El amado séptimo arte nos regala una nueva idea sobre la maternidad con “Lamb”, (2021), disponible en Filmin. Coproducción con firma del, no muy conocido, pero presente en niveles de producción en muchos títulos, (“Oblivion”, “Noe”, “Juego de tronos”,…), Valdimar Jóhannsson. Premiada en el festival de Sitges, (Mejor Película) y (Mejor Actriz) para la, siempre tan intensa, Noomi Rapace, -apunte para mitómanos, la Lisbeth Salander europea es hija del artista, Rogelio de Badajoz-, que muestra la increíble experiencia vivida por una pareja de granjeros, María e Ingvar, tras el parto de una de sus ovejas.
Con una sobria puesta en escena, con notables interpretaciones, muy especial la de Rapace, -su mirada, arte gitano en sus venas, es de lo mejor del cine actual-, en un paisaje, el islandés más salvaje, cuya cautivadora mezcla de vida y desolación proporciona tanto juego, “Lamb”, como se encargó de negar su director, no es una película de terror con animales. Vamos, que no tiene nada que ver con “Los pájaros”, ni con “Cujo” ni con el legendario taquillazo, “Tiburón”, aunque, como es temido desde el principio, al final, la naturaleza cobra su peaje, aproximando la cinta y su suceso a la moraleja de toda fábula religiosa.
Aun con sus crisis y su presente recalificación en las múltiples plataformas de streaming, vencedoras, en cierto modo y no del todo, frente a la piratería, el cine, el noble, (y maravilloso) gas capaz de hacernos creer ver fantasmas, lleva toda su vida, y lo que le queda, restaurando una historia sobre otra, -la palabra remake es un género en sí mismo-, todas salidas del mismo tronco, que diría Borges, y allí donde cualquiera de sus artesanos enciende una bombillita de imaginación, le acompaña la siguiente. Y otra. Y miles más, contorsionándolo todo cual Uróboro.

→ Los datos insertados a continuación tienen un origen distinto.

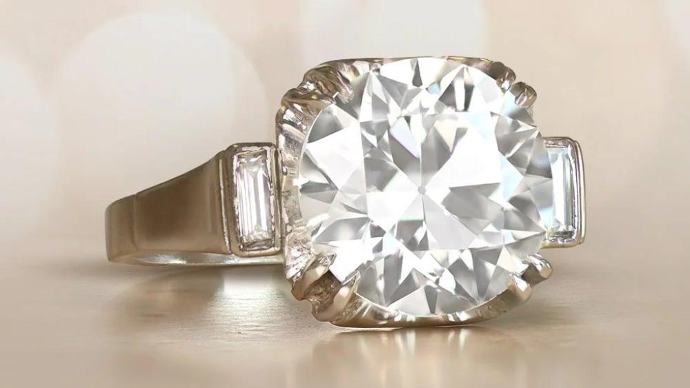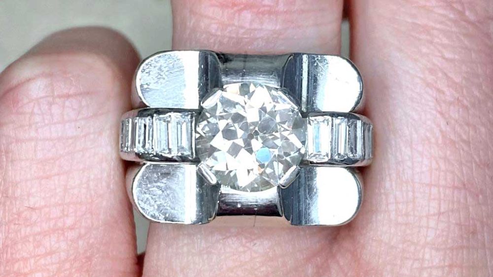Finally, this vintage French ring was made circa 1945, during the Retro Era, and has a total diamond weight of approximately 4.15 carats.

“Lamb” usa el golpe de su cuento, el hecho fantástico sin precedentes, de un modo sutil, a veces… soporífero, con pequeñas inconexiones, tal vez fruto de errores de continuidad, normalizando lo insólito, porque… ¿qué no puede pasarle, como algo habitual, a unos granjeros en mitad de la nada islandesa, siendo protagonistas de una película? Usando la tragedia, sin drama, la pareja acepta en su aislamiento lo vivido como un regalo divino, sin miedo, transformando el contenido de la película en un mensaje: ¿qué es la magia sino una distinta percepción de la realidad? Y un canto al amor más incondicional posible. Un amor como el de la madre de David, el niño androide de “Inteligencia artificial” o el de José Luis López Vázquez por su muñeca hinchable en “No es bueno que el hombre esté solo”. Un amor inhumano que acaba con el “Manual de todos los tipos de amor” y empieza otro, el que trace su imaginación.
Lenta como un cuentagotas, pero segura de su calidad cinematográfica, “Lamb” no estremece tanto como puede parecer, su principal y deliberada característica debido al esfuerzo de no querer ser una muestra más de cine fantástico, pero sí atrapa por la fuerza de sus protagonistas, de su ambientación, (ves, oyes y hasta hueles la granja) y de su final, siendo, con todo merecimiento, una de las mejores propuestas del género en los últimos años. Demostrando que la imaginación humana no tiene límites, siempre y cuando siga nutriéndose de sí misma y siga usando al cine como gas neuroquímico con el que producir alucinaciones de todo tipo.